◆ **Assigned task**:
The lines from the one containing "- A megkelt" through the last line below, both ends included, must be reproduced exactly, with no pictures.

◆ **Data below**:
═══

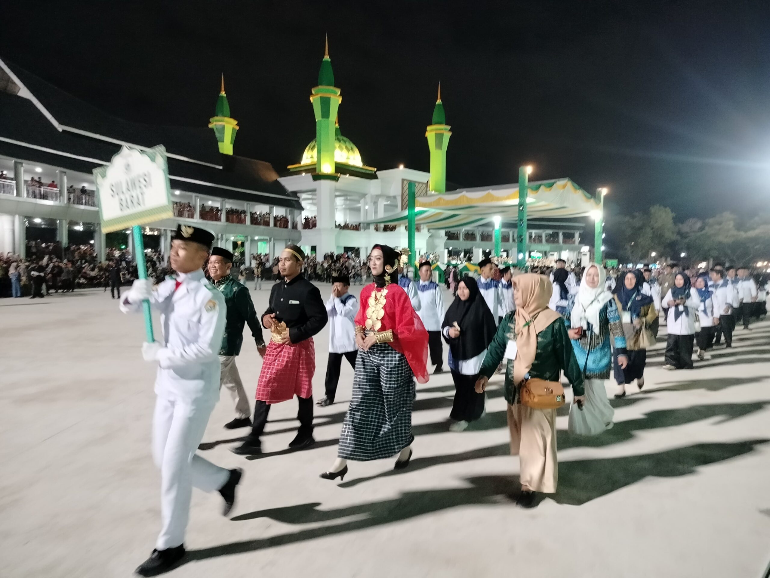 Ribuan peserta dari seluruh penjuru Indonesia memadati arena, termasuk rombongan Kafilah Sulbar yang turut serta dalam parade defile. Mereka tampil sejajar dengan provinsi lain, membawa atribut khas daerah dalam ajang bergengsi dua tahunan ini, yang didukung penuh oleh Gubernur Suhardi Duka dan Wagub Salim S. Mengga.
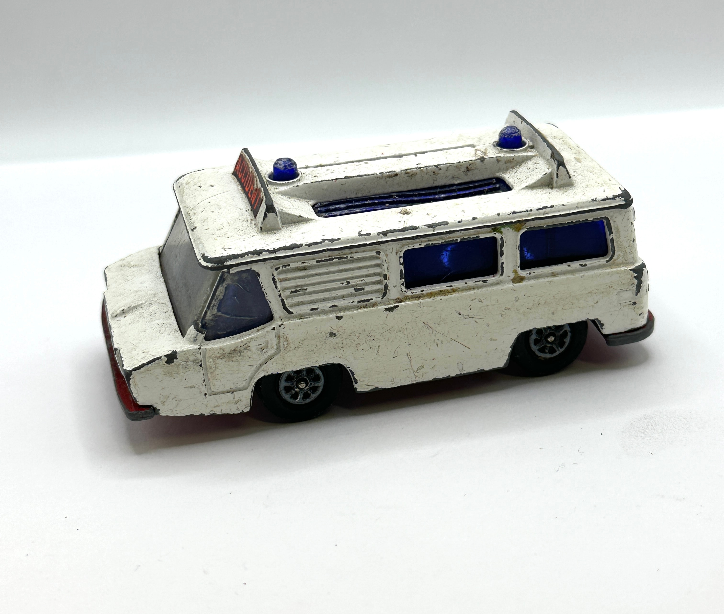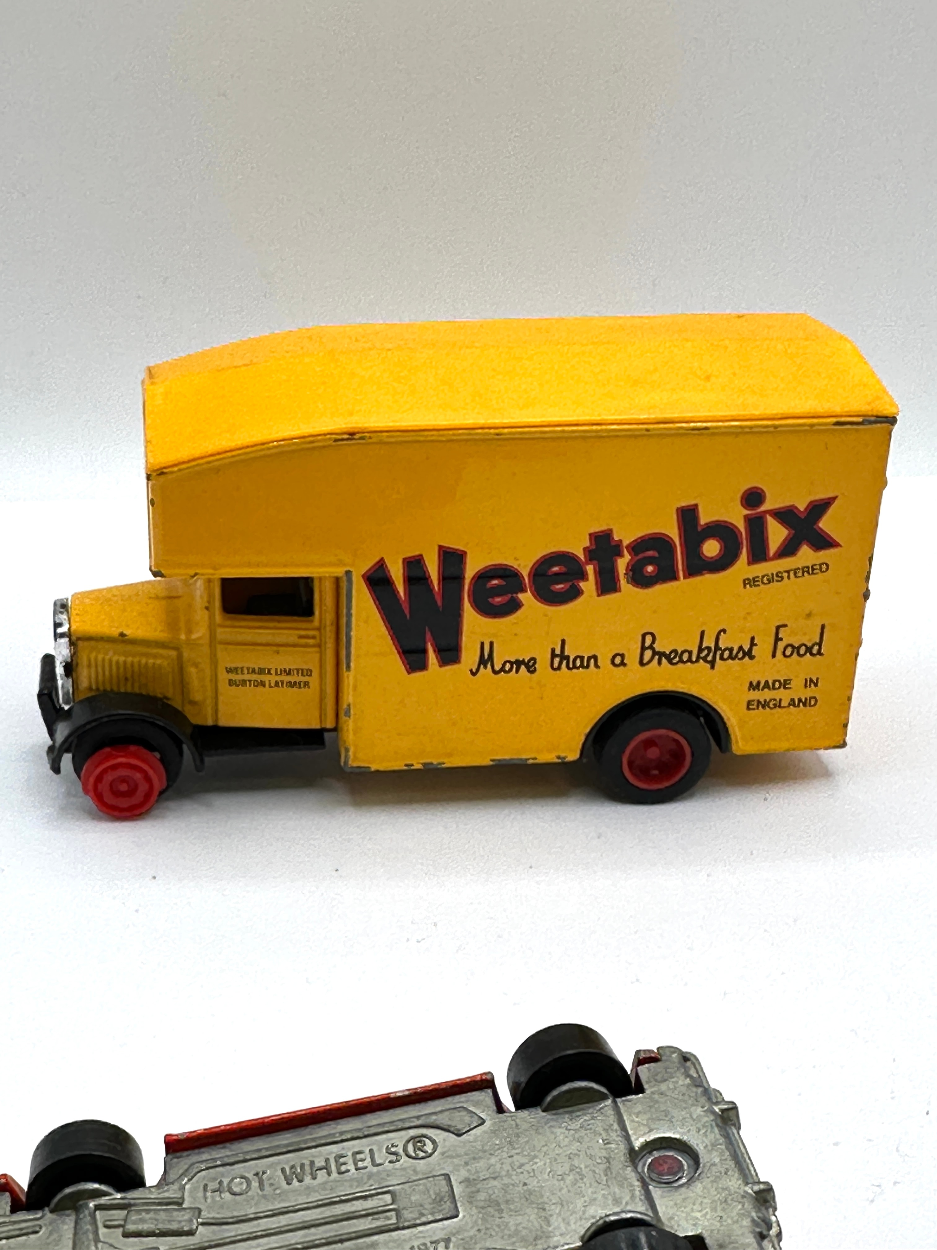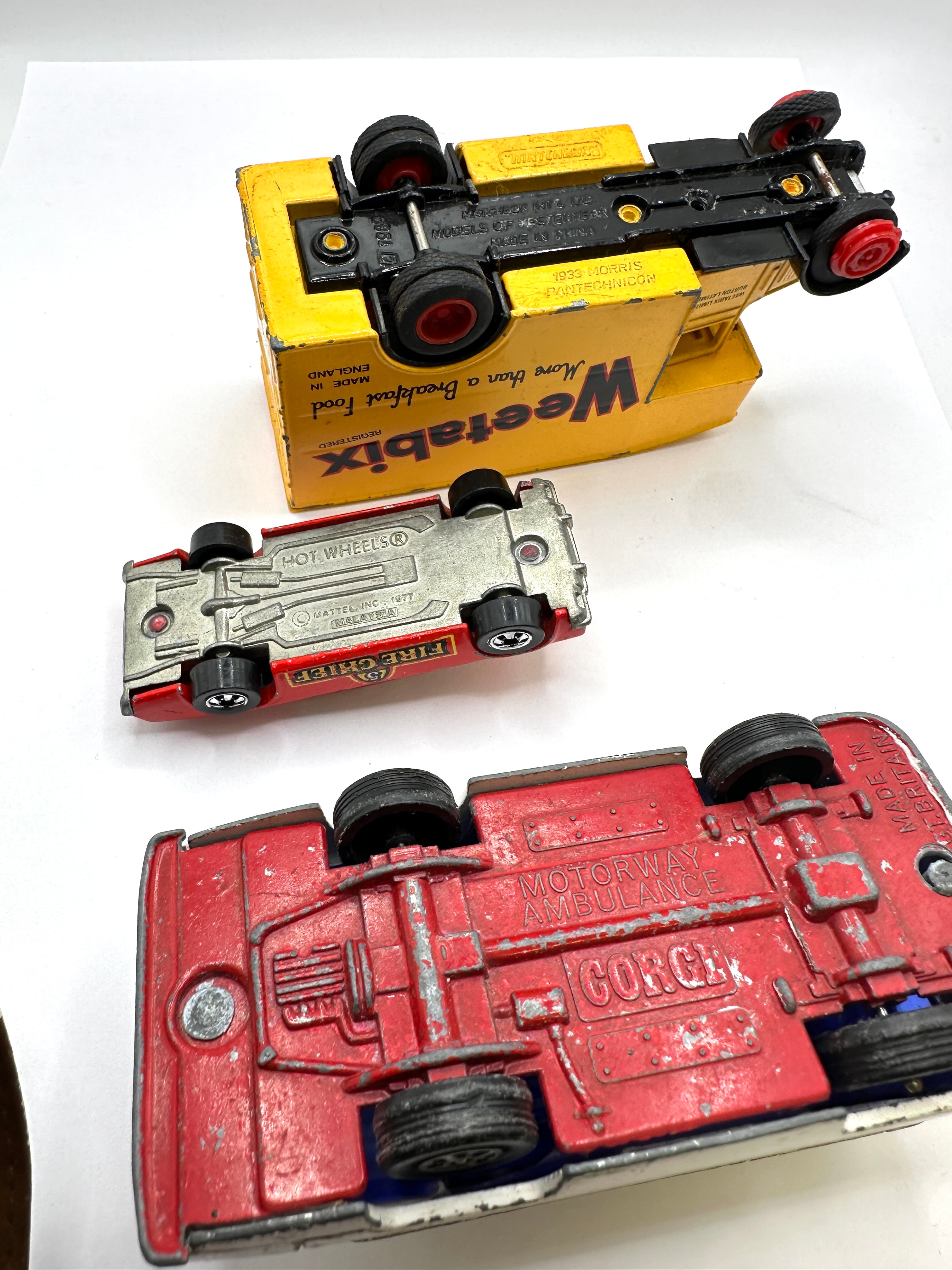 A collection of three vintage die-cast metal toy vehicles. The first is a Matchbox Models of Yesteryear Y31-B 1931 Morris Courier Weetabix Van, a yellow promotional box truck for “Weetabix,” marked “REGISTERED More than a Breakfast Food,” “MADE IN ENGLAND,” and “WEETABIX LIMITED BURTON LATIMER,” with the underside indicating “LESNEY PRODUCTS & CO LTD, MATCHBOX SERIES Nº65.” The second is a red “Fire Chief” sedan with a ‘5’ in a shield on its doors, marked “HOT WHEELS® MATTEL INC. 1977 MALAYSIA” on its base. The third is a white “Motorway Ambulance” van, featuring “ACCIDENT” on its roof sign and “CORGI, MADE IN Gt BRITAIN” on its underside.
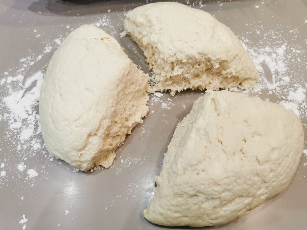 - A megkelt tésztával bánjunk nagyon óvatosan! Borítsuk ki enyhén olajos felületre és osszuk 3 egyenlő részre.
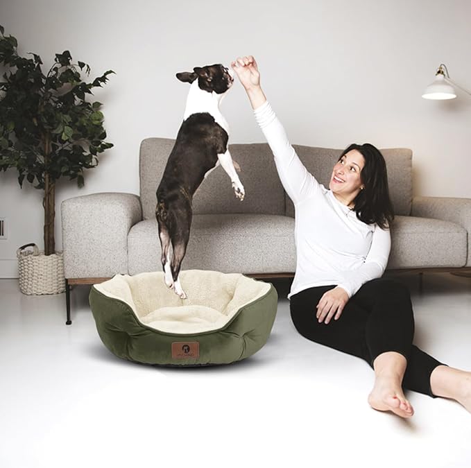 Asvin Small Dog Bed for Small Dogs, Cat Beds for Indoor Cats, Pet Bed for Puppy and Kitty, Extra Soft & Machine Washable with Anti-Slip & Water-Resistant Oxford Bottom, Green, 20 inches

═══

◆ **Answer for the task**:
 - A megkelt tésztával bánjunk nagyon óvatosan! Borítsuk ki enyhén olajos felületre és osszuk 3 egyenlő részre.
 Asvin Small Dog Bed for Small Dogs, Cat Beds for Indoor Cats, Pet Bed for Puppy and Kitty, Extra Soft & Machine Washable with Anti-Slip & Water-Resistant Oxford Bottom, Green, 20 inches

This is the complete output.